Overview (SPLIT FILE command)

SPLIT FILE splits the active dataset into subgroups that can be analyzed separately. These subgroups are sets of adjacent cases in the file that have the same values for the specified split variables. Each value of each split variable is considered a break group, and cases within a break group must be grouped together in the active dataset. If they are not grouped together, the SORT CASES command must be used before SPLIT FILE to sort cases in the proper order.

Basic Specification

The basic specification is keyword BY followed by the variable or variables that define the split-file groups.

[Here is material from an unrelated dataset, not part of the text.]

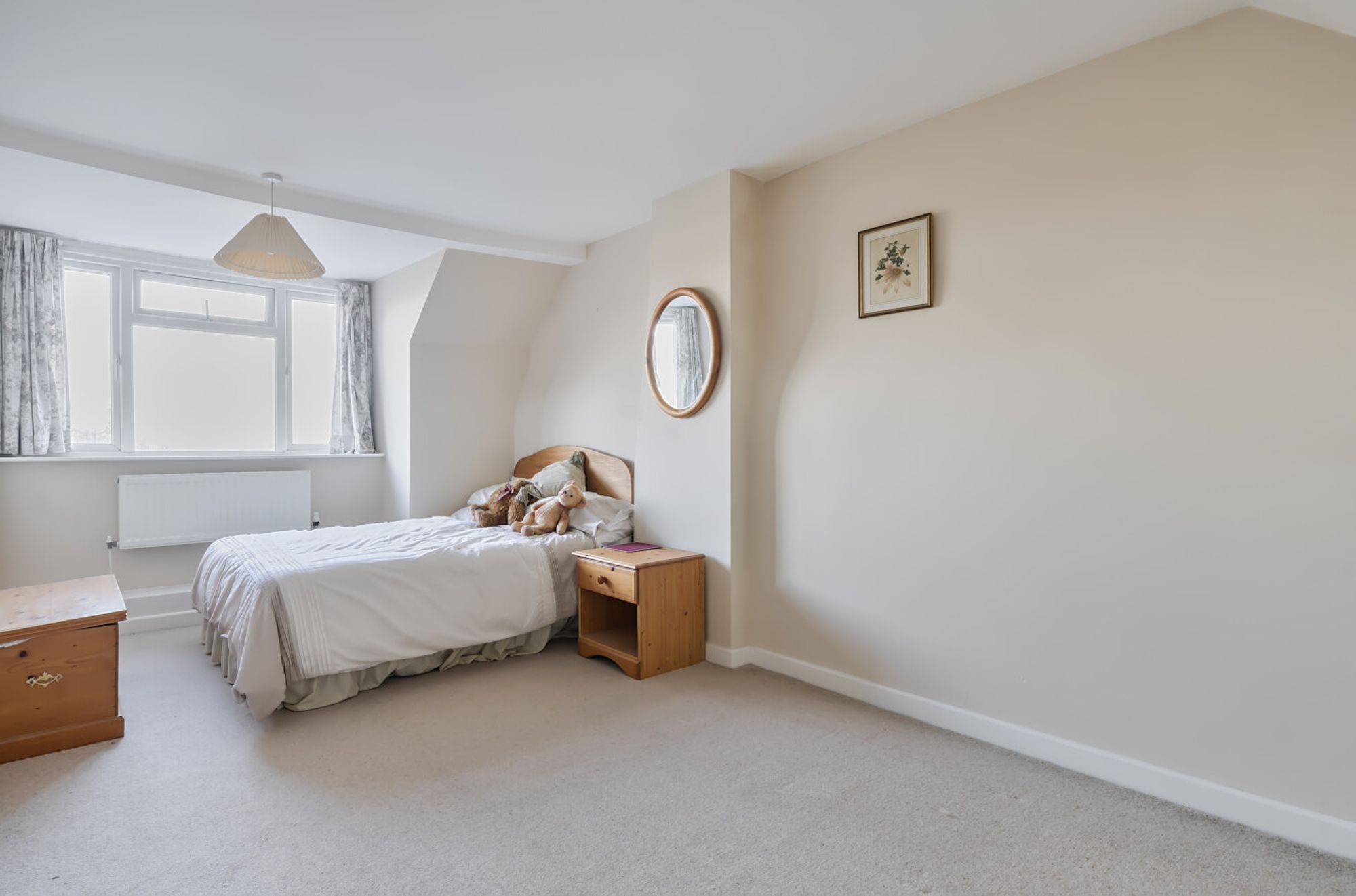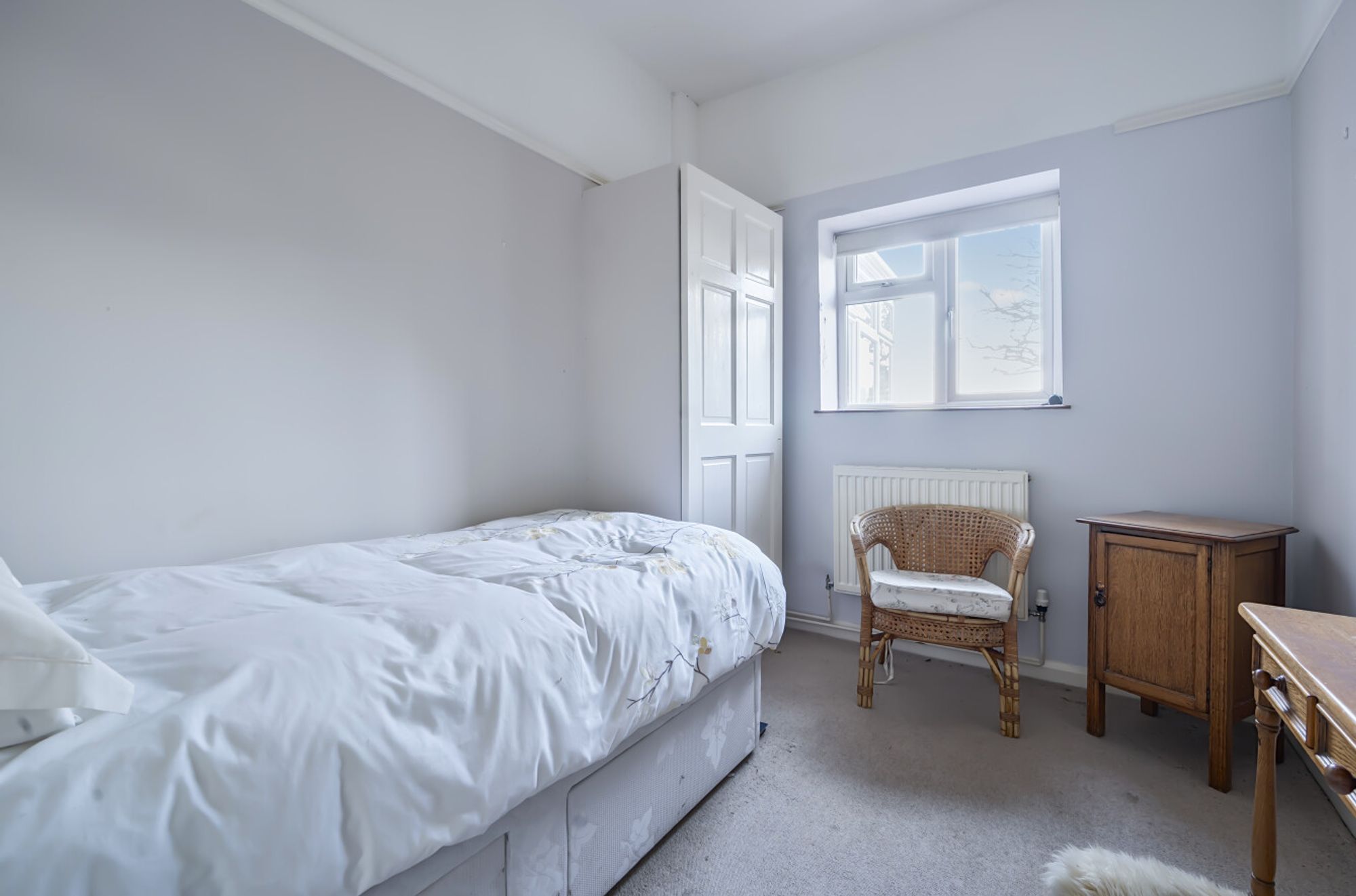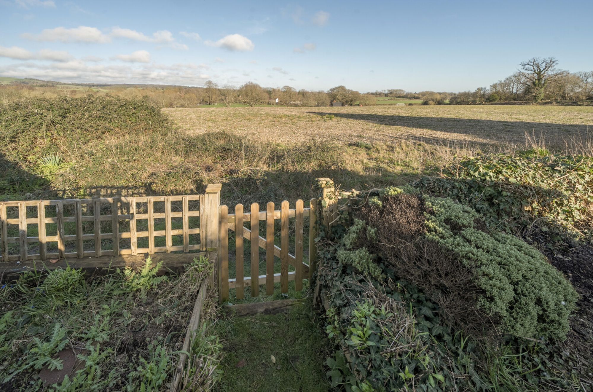 Outside, the property is approached via a wide gravel driveway providing ample off-road parking. To the rear lies a long garden, predominantly laid to lawn with a patio area, well-established borders and a high flint retaining wall to one side. A gate at the far end of the garden opens directly onto a country pathway, perfect for walkers and nature lovers.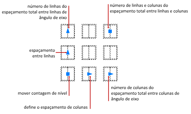 Ao arrastar a matriz de alças, é possível aumentar ou diminuir o número e o espaçamento de linhas e colunas da matriz.

  • By default, the split-file groups are compared within the same table(s).
  • You can turn off split-file processing by using keyword OFF.

Syntax Rules

  • SPLIT FILE can specify both numeric and string split variables, including variables that are created by temporary transformations. SPLIT FILE cannot specify scratch or system variables.
  • SPLIT FILE is in effect for all procedures in a session unless you limit it with a TEMPORARY command, turn it off, or override it with a new SPLIT FILE or SORT CASES command.

Operations

  • SPLIT FILE takes effect as soon as it is encountered in the command sequence. Therefore, pay special attention to the position of SPLIT FILE among commands. See the topic Command Order for more information.
  • The file is processed sequentially. A change or break in values on any one of the split variables signals the end of one break group and the beginning of the next break group.
  • AGGREGATE ignores the SPLIT FILE command. To split files by using AGGREGATE, name the variables that are used to split the file as break variables ahead of any other break variables on AGGREGATE. AGGREGATE still produces one file, but the aggregated cases are in the same order as the split-file groups.
  • If SPLIT FILE is in effect when a procedure writes matrix materials, the program writes one set of matrix materials for every split group. If a procedure reads a file that contains multiple sets of matrix materials, the procedure automatically detects the presence of multiple sets.
  • If SPLIT FILE names any variable that was defined by the NUMERIC command, the program prints page headings that indicate the split-file grouping.

Limitations

  • SPLIT FILE can specify or imply up to eight variables.
  • Each eight bytes of a string variable counts as a variable toward the limit of eight variables. So a string variable with a defined width of greater than 64 bytes cannot be used as a split file variable.